Research on underground injection of CO2 is also just getting started, EPA notes. The agency estimates that some 30 geological sequestration demonstration projects are operating in the U.S. Many more are planned in the global rush to find an inexpensive and safe way to capture and permanently sequester CO2.

Along with its modified proposal, EPA released a computer simulation by Lawrence Berkeley National Laboratory. It found that CO2 can cause leaching of naturally occurring trace elements such as arsenic, barium, cadmium, mercury, lead, antimony, selenium, zinc, and uranium from geological formations, but only arsenic could be released into water at levels exceeding drinking water 
standards.

Roberson wants drillers to go deeper, below aquifers. “However, if we lose this battle and water quality gets degraded, we expect the well’s owner and operators to pay for water treatment in perpetuity,” he says. “They have to understand they are taking a risk.

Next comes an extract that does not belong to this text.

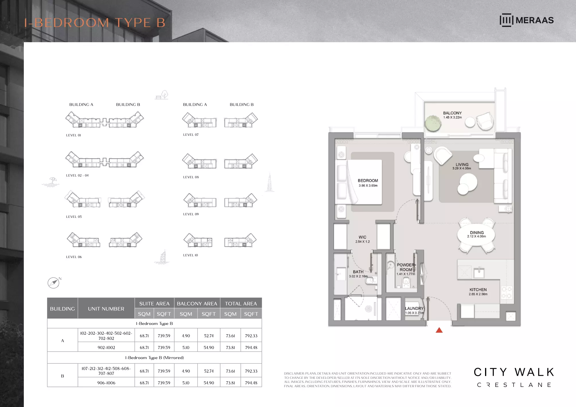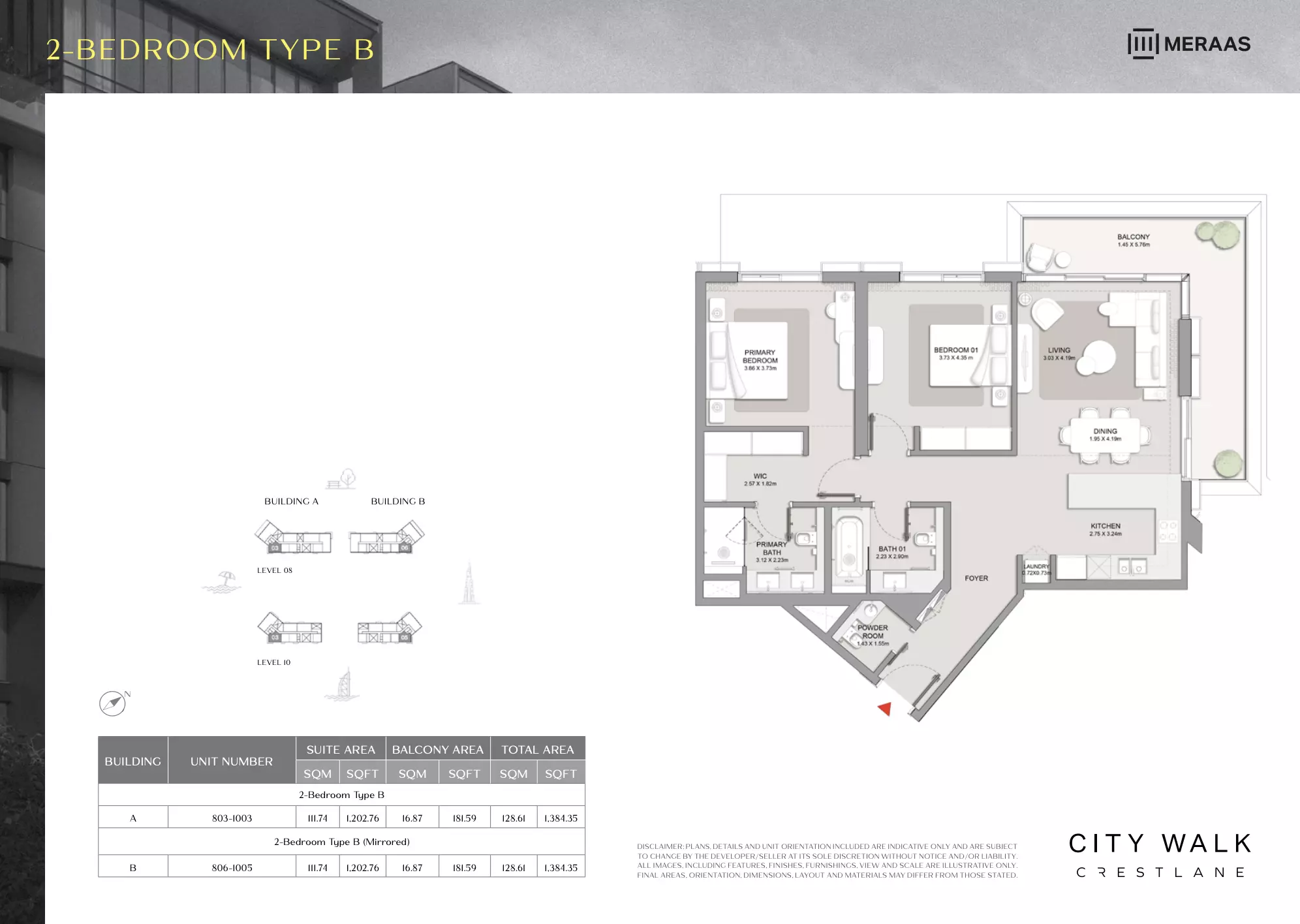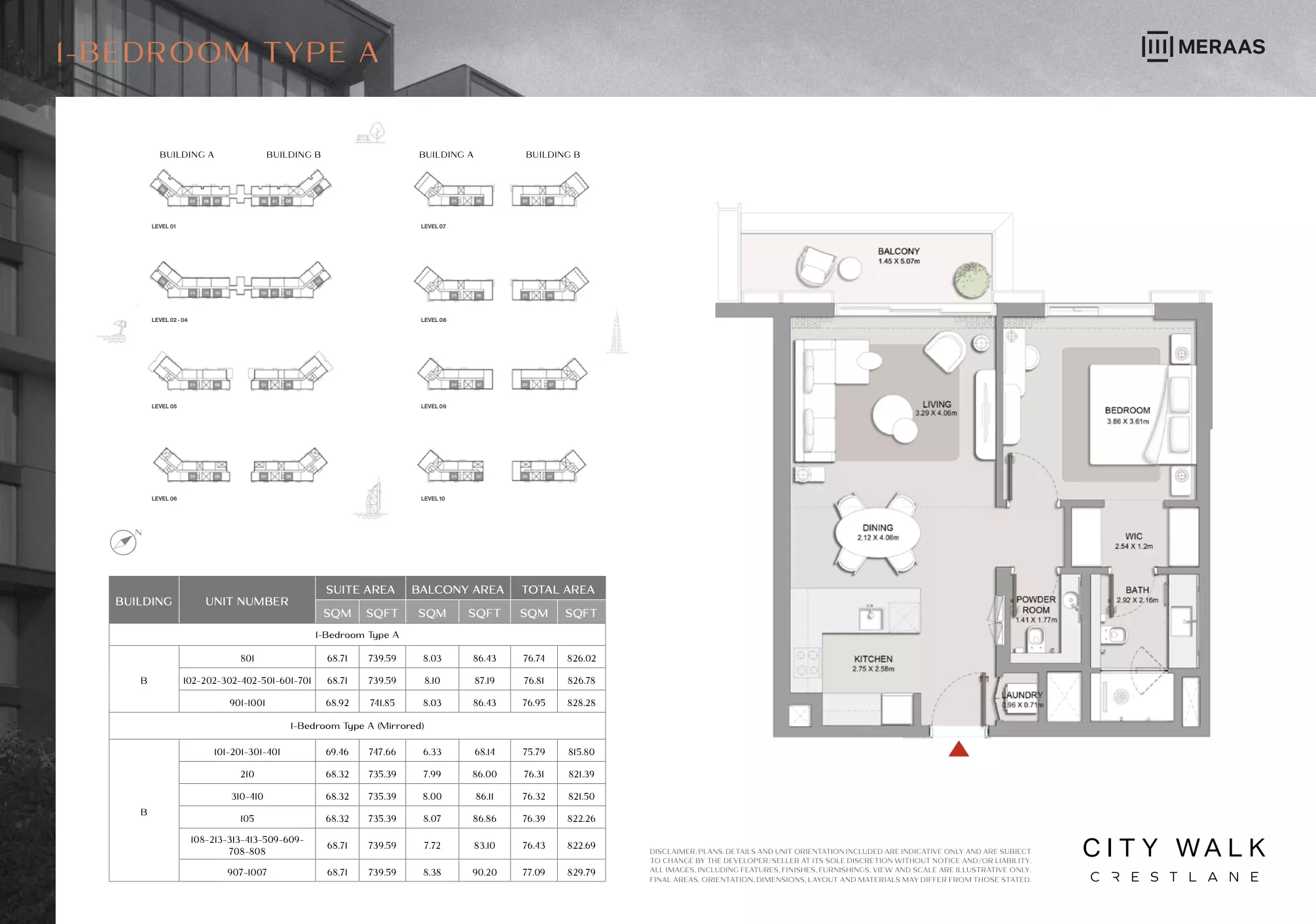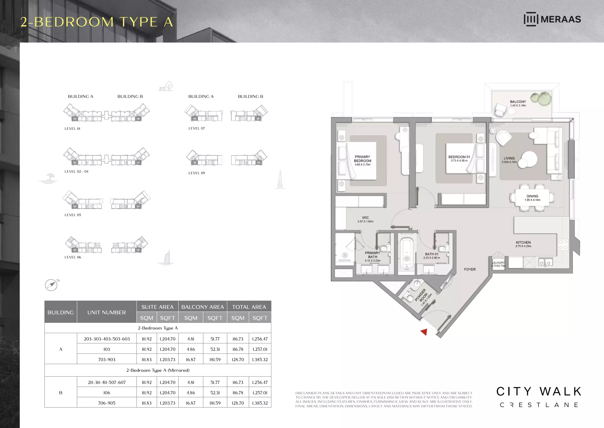 قیمت اولیه واحدها در سیتی واک کرستلین ۲,۶۲۰,۰۰۰ درهم امارات است.

This is going to be a pretty hefty ticket to consider.”

CO2 sequestration demonstration projects must include strong groundwater monitoring components, Roberson says, adding that, so far, CO2 migration studies have relied too strongly on modeling. Test data will just be coming in when EPA is finalizing the regulation, which Roberson expects in late 2010 or 2011.

“We want that regulation to be tough,” Roberson says. “EPA can always dial it back and make it less restrictive if the technology proves to work. But you can’t get water back if you have a problem.”

EPA would not comment beyond its documents.